Sustainable biomass management in EELTH

The sustainable management of biomass and bio-waste in the daily business operation of EYATH was on the “table” of the FORWARD GREEN exhibition of TIF-HELEXPO and in particular in the context of the HELEXPO DIALOGUES (Forum on renewable energy sources, climate change, circular economy, biomass and biowaste), organized in Thessaloniki (March 7-9, 2024). EYATH was represented by the Director of Sewerage Facilities, Kostas Kotoulas, who presented the work carried out in the management of biomass, from collection to its utilization, at the Thessaloniki Sewage Treatment Facility (SWTP).

As Mr. Kotoulas said, in the central biological purification of Sindos, which receives daily around 150,000 sq.m. of wastewater, “has been carried out over the last three years in a series of major projects in the general philosophy of saving energy through the exploitation of the biogas produced by anaerobic digestion, with the parallel use of the resulting biomass”, always in the context of the circular economy. These projects are the upgrading of sludge dewatering with centrifugal machines, the expansion of anaerobic digestion, the treatment of biogas to remove hydrogen sulphide and the reconstruction of the cogeneration machines with a total capacity of 2.5MW, according to Mr. Kotoula. “The new element in the process is the application of two-stage processing in anaerobic digestion and dehydration, resulting in a sanitary dehydrated biomass product with a solids content of more than 30%. This material (30-35 tn/day) is available in plants for the production of soil improvement and organohumic preparations, while during the growing seasons it can be used directly in agriculture”, he noted.

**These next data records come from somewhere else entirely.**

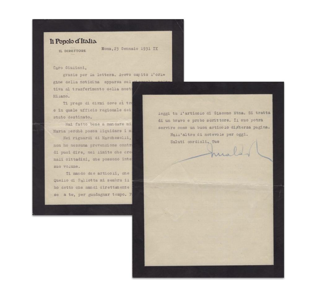 Lettera dattiloscritta con autografo di Arnaldo Mussolini noto giornalista, intellettuale e fratello minore di Benito Mussolini. Laureato in agraria, si dedicò presto all’insegnamento e poi al giornalismo. Dal 1922 fu direttore del quotidiano Il Popolo d’Italia, organo ufficiale del Partito Nazionale Fascista, contribuendo alla costruzione dell’apparato culturale del regime. Meno coinvolto nella politica attiva rispetto al fratello, Arnaldo fu il principale stratega editoriale e ideologico della stampa fascista. Morì improvvisamente a Milano nel 1931, lasciando un vuoto significativo nella struttura mediatica del regime. Lettera su carta intestata "Il Popolo d’Italia – Il Direttore" redatta a Roma, 23 gennaio 1931 (IX). Nel testo, Arnaldo si rivolge al corrispondente Giuliani, comunicando il trasferimento di una mostra di Monza a Milano e successivamente chiede in quale ufficio regionale è stato trasferito Marchiandi. Arnaldo parla anche di un disguido con Marcheselli, "ti ripeto che non ho nessuna prevenzione contro di lui" e gli comunica che gli invierà due articoli da leggere; quello di Pallotta e quello di Giacomo Etna. La firma autografa redatta con matita blu conclude la lettera.
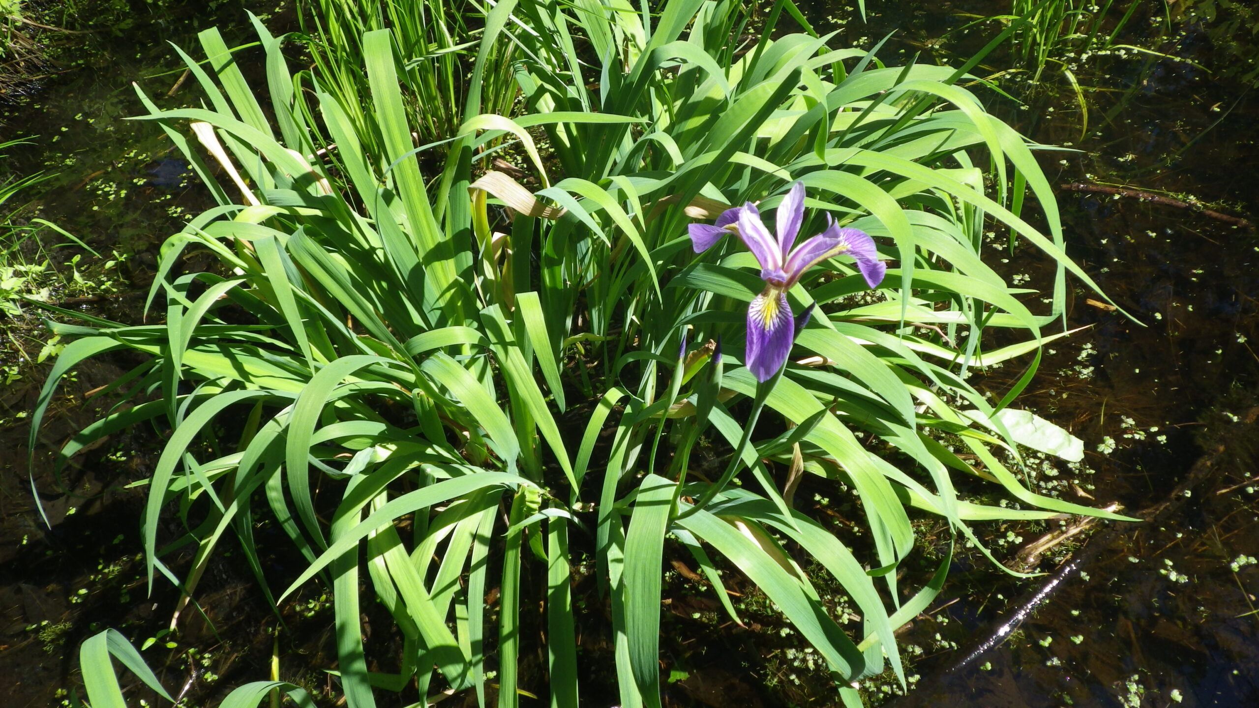 Plante herbacée vivace à tige variant de 15 à 90 cm de hauteur, l’iris versicolore pousse en touffes denses et forme des colonies. Elle se distingue par ses longues feuilles dressées et ses fleurs spectaculaires. Celles-ci présentent de larges sépales bleu violacé ornés de jaune et de blanc à la base (4 à 7 cm), tandis que les pétales, plus petits, mesurent de 2 à 5 cm. La floraison a lieu au printemps. On peut l’observer notamment le long du sentier No 4.
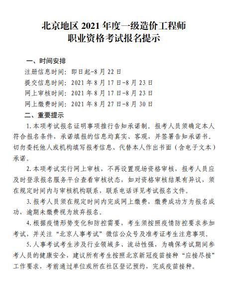 北京地區(qū)2021年度一級(jí)造價(jià)工程師職業(yè)資格考試報(bào)名提示

The biogas produced from the digestion, now processed, feeds the cogeneration machines since the end of 2022 and covers part of the electricity consumption of EELTH. Last month the coverage of the facility reached 80% of needs. At the same time, as Mr. Kotoulas explained, the sludge thermal drying unit is being rebuilt which can produce a dry product of more than 92% solids, further reducing the unit’s residue. This, together with the other by-products of EEL (sand, cuttings) are available in the soil improvement units, constituting the primary biomass material for these preparations.

Finally, Mr. Kotoulas presented the limitations of the new legislative framework, European directives and especially climate change, which will form the basis on which policies and strategies will be formulated in the future, requiring of course the mobilization of private and public funds.